I ended up choosing seven S&Ls to recommend in
Barron's
, which tells you how much I liked the group. Five of these were strong Jimmy Stewart-type thrifts, and two were long shots—I call these the born-agains—which have come back from the edge of
Chapter 11
. Two of the five strong thrifts, Germantown Savings and Glacier Bancorp, were repeat recommendations from 1991.

The five Jimmy Stewarts got excellent marks in several categories: book value (four sold at a discount), equity-to-assets ratio (all 6.0 or better), high-risk loans (under 10 percent), 90-day delinquencies (2 percent or less), real estate owned (less than 1 percent), and p/e ratio (below 11). That two of them had been buying back their own shares in recent months was another positive. For Glacier and Germantown, the percentage of commercial lending was a bit high, but this was less bothersome after I heard the bankers' explanations.

With the two born-agains, many of the numbers are quite dismal—everything a conservative investor should try to avoid. I picked them as long shots because they still maintained high equity-to-assets ratios in spite of their problems.

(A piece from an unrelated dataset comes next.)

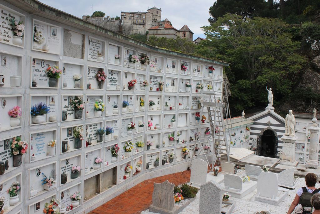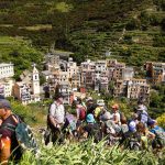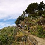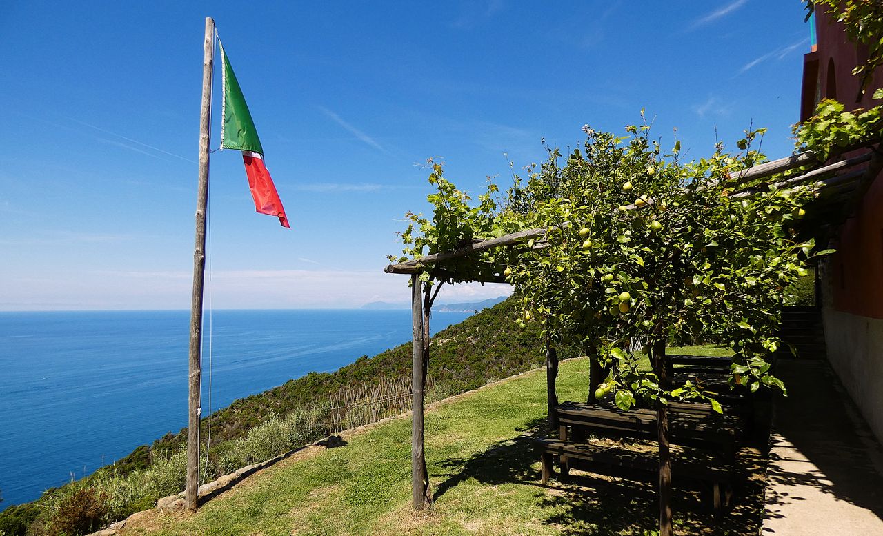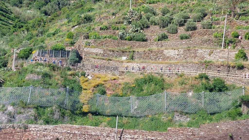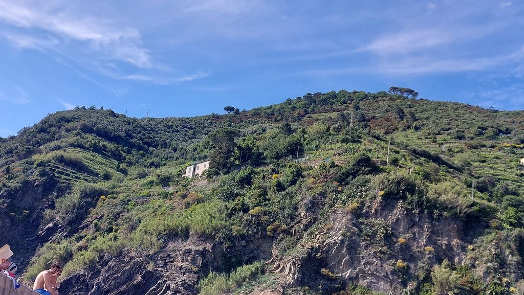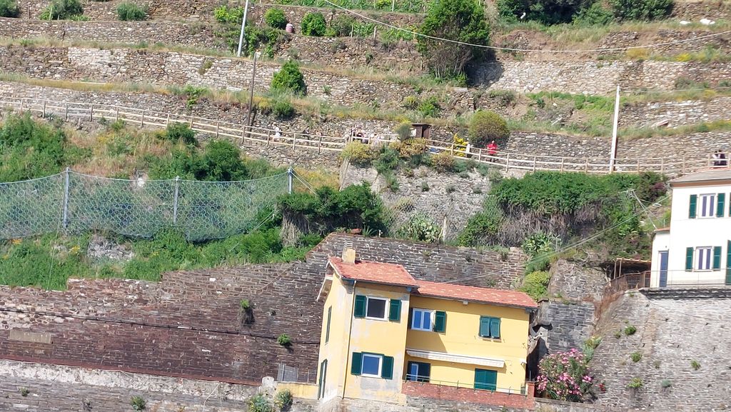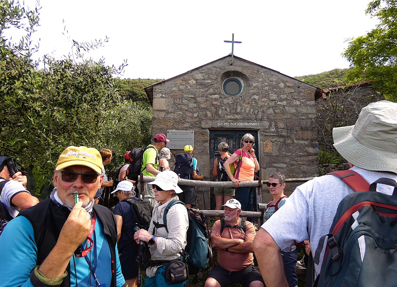 Direction Riomaggiore pour aller à la chapelle ND de Monte Nero connu sous le nom de sanctuaire de Montenero après une pente assez raide nous atteignons ce sanctuaire. Ce sanctuaire a été fondé à la suite de la découverte au 14 -ème siècle d’une icône byzantine. Nous prenons ensuite la direction du télégraphe et on constate la remise en culture et en état des terrasses à la suite d’un incendie en 2008 du maquis, la région incite depuis 2018 les personnes qui le souhaitent à remettre en état les fermettes et les terrains en culture. Tout en sachant que l’approvisionnement des matériaux doit se faire par hélicoptère et ensuite transport à la main.
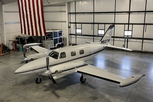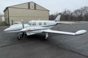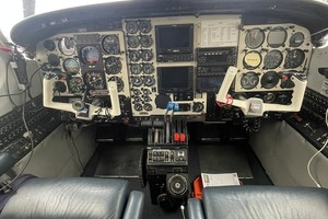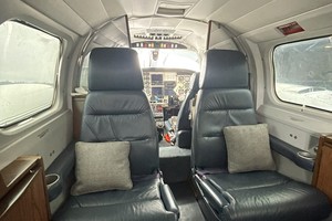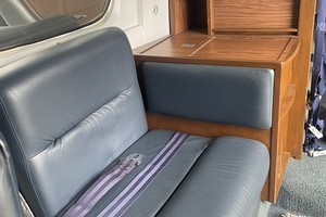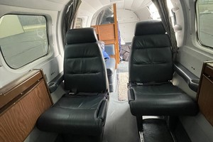 | The executive configured interior is Blue leather in good condition with refreshment center, tables, potty, dividers and curtains. |

Having this equity cushion gave them a little leeway to work out of their troubles. The region in which these two S&Ls do business, near the Massachusetts-New Hampshire border, was beginning to show signs of stability.

I couldn't guarantee that these born-agains would survive, but their stock prices had fallen so low (in the case of Lawrence Savings, from $13 to 75 cents) that I knew the bottom fishers would make a lot of money if they did.

Dozens of S&Ls around the country are as strong as or stronger than my top five. You might find one or more of them in your own neighborhood. A lot of investors are going to be very pleased that they've concentrated on this group. The Jimmy Stewarts will either continue to prosper on their own or be taken over by larger institutions at prices far above the current levels.